The best designers care about how the design helps you make more money or get more customers.
Should a site look good? Absolutely. It never hurts anything to look better. Can a site look ugly? Absolutely. If your business is strong enough, there's no amount of bad design that can hurt it.
The main thing though, is that more attractive designs don't necessarily convert better. People think they do, because you're turned off by ugly designs, and for sure, if you've got two sites up that share the same interface, and one is prettier than the other, the prettier one will likely win your business. But if you take those same sites, and have better copy on the ugly site, it may well convert better. If your pretty design is hard to use, it may well lose.
So yeah, if your web designer cares more about the end user or themselves than whether the design is effective, then you're paying for the wrong thing.
Speaking from a strictly results-based perspective, sometimes looking better can indeed hurt some user actions. See the recent study on slick, professional ads on Plenty of Fish vs MS Paint ads.
But I'm nitpicking. From what I've seen, in 99% of cases looking more pro helps.

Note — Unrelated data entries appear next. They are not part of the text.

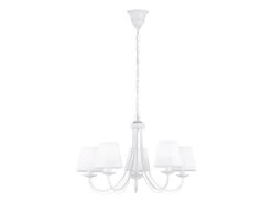 MeineWunschleuchte 5 Flammiger LED Kronleuchter Mit Stoffschirmen In Weiß Matt, Ø 70cm
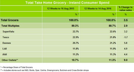 Irska spletna stran businesspost.ie poroča o tržnem deležu živilskih trgovcev na Irskem. Na zelenem otoku sta na prvem mestu Tesco in SuperValu, vse bolje pa gre tudi obema nemškima diskonterjema, Lidlu in Aldiju.
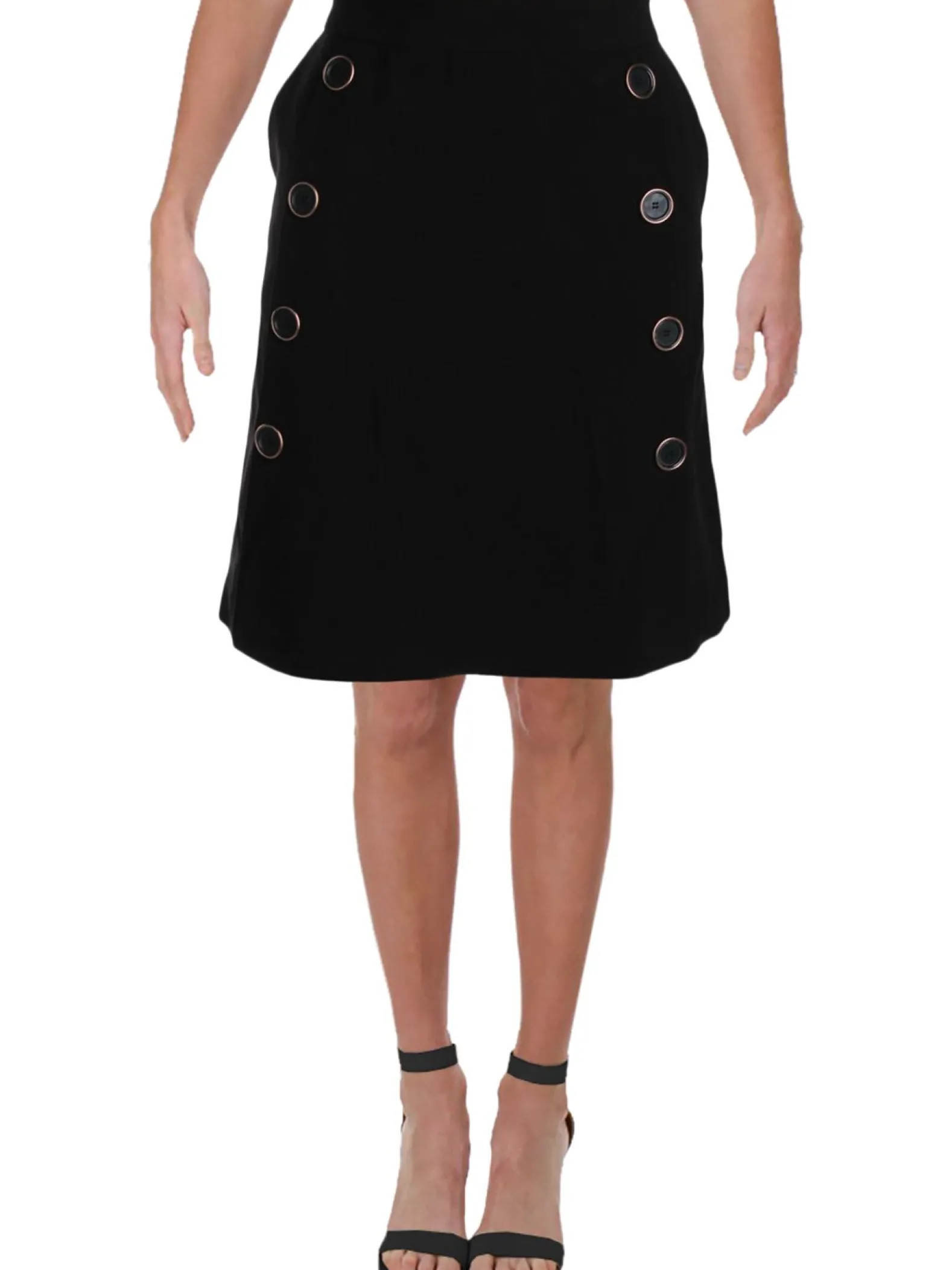 Ready to wear to the office or out for coffee with this A-Line skirt with button details accents.
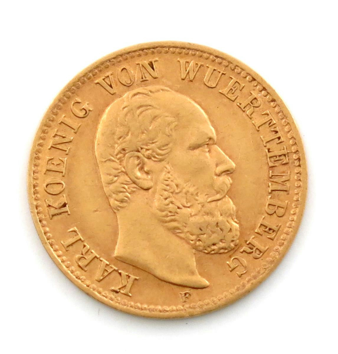 Germany, Empire, Württemberg, KarI, 5-Marks, 1877 F (F 3875). Good very fine.
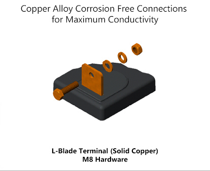 Specifications subject to change without notice. VRLA-AGM Deep Cycle Battery for Off Grid and Grid Tied Systems. Recombinant gas Sun Xtender® Series solar batteries are low resistance, valve regulated lead acid (VRLA) batteries. Since 1987, Sun Xtender has been designing valve regulated lead acid batteries with AGM construction (VRLA-AGM).The AGM construction means no water replenishment ever. Utilizing pure lead calcium grids, Sun Xtender deep cycle battery plates are thicker than the industry standard for longer cycle life, increased reliability and power. The low impedance AGM design allows for excellent charge acceptance and there is no current limit required with controlled voltage charging. The Sun Xtender battery product line features proprietary PolyGuard® Microporous Polyethylene Separators, shielding the positive plates against shorting, shock or vibration. No other manufacturers offer this dual layer insulation protection feature. Sun Xtender® battery covers and containers are uniquely molded with high impact, reinforced copolymer polypropylene and are designed with thick end walls to prevent bulging. The solid copper L Blade Terminals are corrosion resistant and are supplied with silicon bronze bolts, washers, and nuts. All SunXtender Batteries ship Hazmat Exempt. See the Sun Xtender Battery Technical Manual for details on PVX-2580L applications and specifications. This Sun Xtender solar battery document is also available for download and printing. PVX-2580L is used for applications such as Traffic Arrow / Message Boards, Cathodic Protection, Gried Tied & Off Grid Homes, 2-Way Radio Repeaters, SCADA, Navigational Aids, Medical Refrigeration Clinics & Power for Remote Areas / Developing Nations, Microwave Earth / Satellite Stations, Parking Lot Lighting.
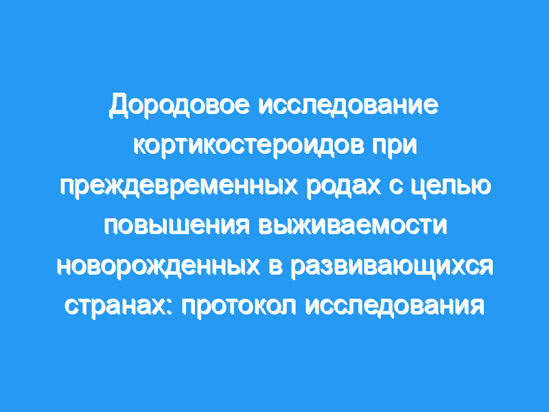 Мы предполагаем, что многострановое, двустороннее, параллельное кластерное рандомизированное контролируемое исследование для оценки того, может ли многостороннее вмешательство увеличить использование дородовых кортикостероидов, включая компоненты для улучшения выявление беременностей с высоким риском преждевременных родов, а также обеспечение и содействие надлежащему применению стероидов позволят снизить неонатальную смертность у недоношенных новорожденных на 28-й день жизни по сравнению со стандартным оказанием медицинской помощи в отдельных группах населения шести стран. 102 кластера в Аргентине, Гватемале, Кении, Индии, Пакистане и Замбии будут рандомизированы, и в них будут включены около 60 000 женщин и новорожденных. Будут розданы наборы, содержащие флаконы с дексаметазоном, шприцы, перчатки и инструкции по применению. Улучшение выявления женщин с высоким риском преждевременных родов будет осуществляться путем (1) распространения рекомендаций по использованию дородовых кортикостероидов среди медицинских работников, (2) обучения медицинских работников выявлению женщин с высоким риском преждевременных родов, (3) предоставления медицинским работникам напоминаний об использовании наборов, и (4) использование цветной ленты для измерения высоты матки для оценки гестационного возраста у женщин с неизвестным гестационным возрастом. Как в группах вмешательства, так и в группах контроля медицинские работники будут обучены основам ухода за новорожденными для детей с низким весом при рождении. Первичным исходом является неонатальная смертность на 28-й день жизни у недоношенных детей.
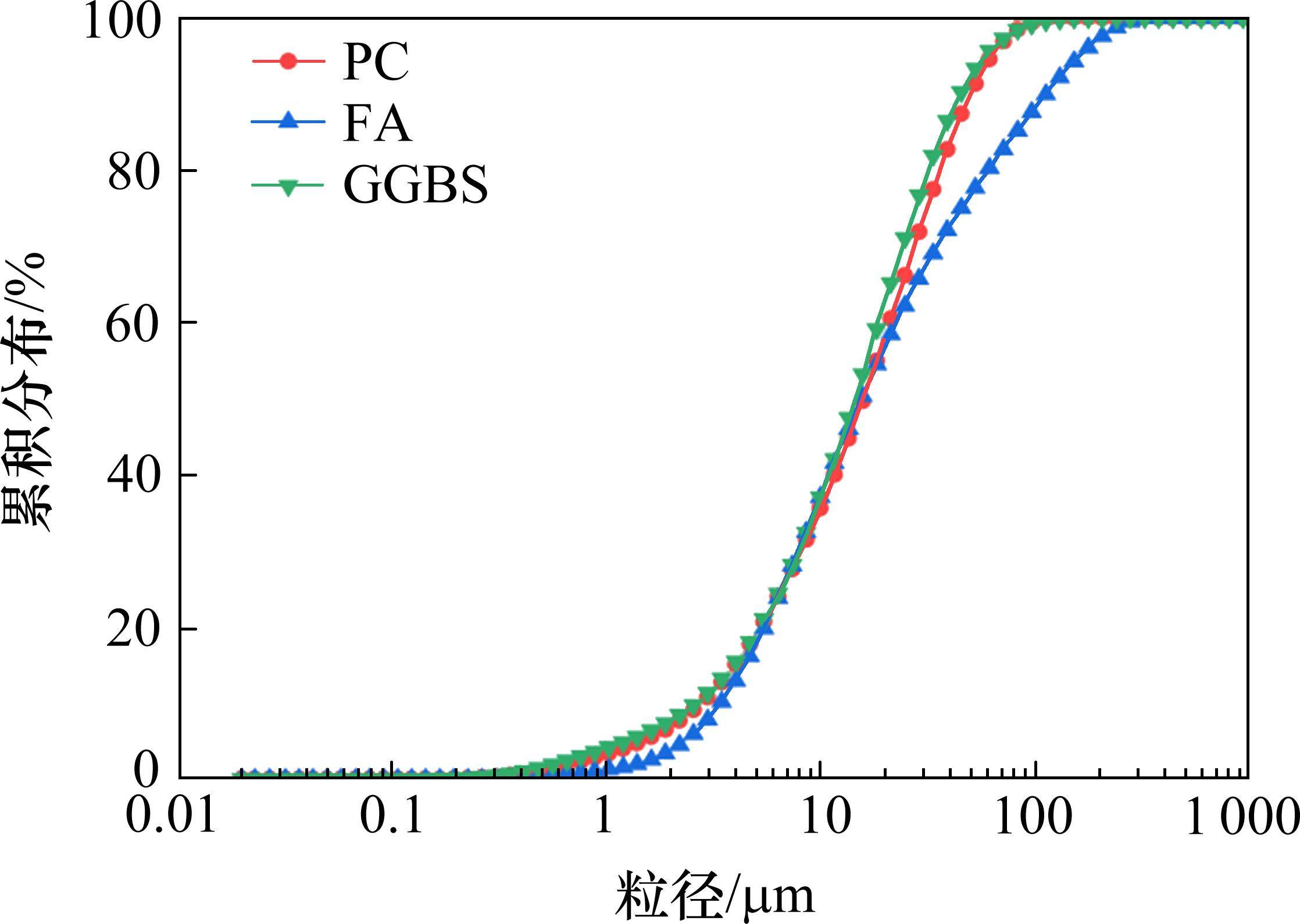 采用中国联合水泥集团有限公司生产的P.I 42.5级(PC)硅酸盐水泥,粉煤灰(FA)为湖南湘潭电厂生产的I级粉煤灰,高炉矿渣(GGBS)由萍乡钢铁厂新材料有限公司生产的S95级矿渣粉,拌合水为去离子水,砂子为ISO标准砂。表1给出了PC、FA和GGBS的化学成分,图1所示为胶凝材料的粒度分布测试结果。

I think, more often, the dichotomy is between idealistic designers and pragmatic designers.
Idealistic designers care about whether the end-users (meaning the people who will, say, visit the website) like the design.
Pragmatic designers care about whether the client likes the design.
It's quite a bit harder to make money as an idealistic designer, unless you can wield conversion rate data at the client. If you're just one designer on a team working for an agency, who's been given a "brand policy" document by the client? No chance.
I disagree with the your dichotomy. It isn't whether the end-user likes the design, it is whether the design is useful. So useful that they don't even realize "design" is taking place.
The good designer knows how to get the client to understand that the end-user is the one who needs to value the design :-)
[Top tip - never ask the client "What do you think of X?" instead ask "What would your customers think of X?". You'll be amazed at the different kind of responses you get.]
You have there, in a nutshell, the difference between the outlook of good and bad designers.
Bad designers care about whether they like the design.
Good designers care about whether the end-user likes the design.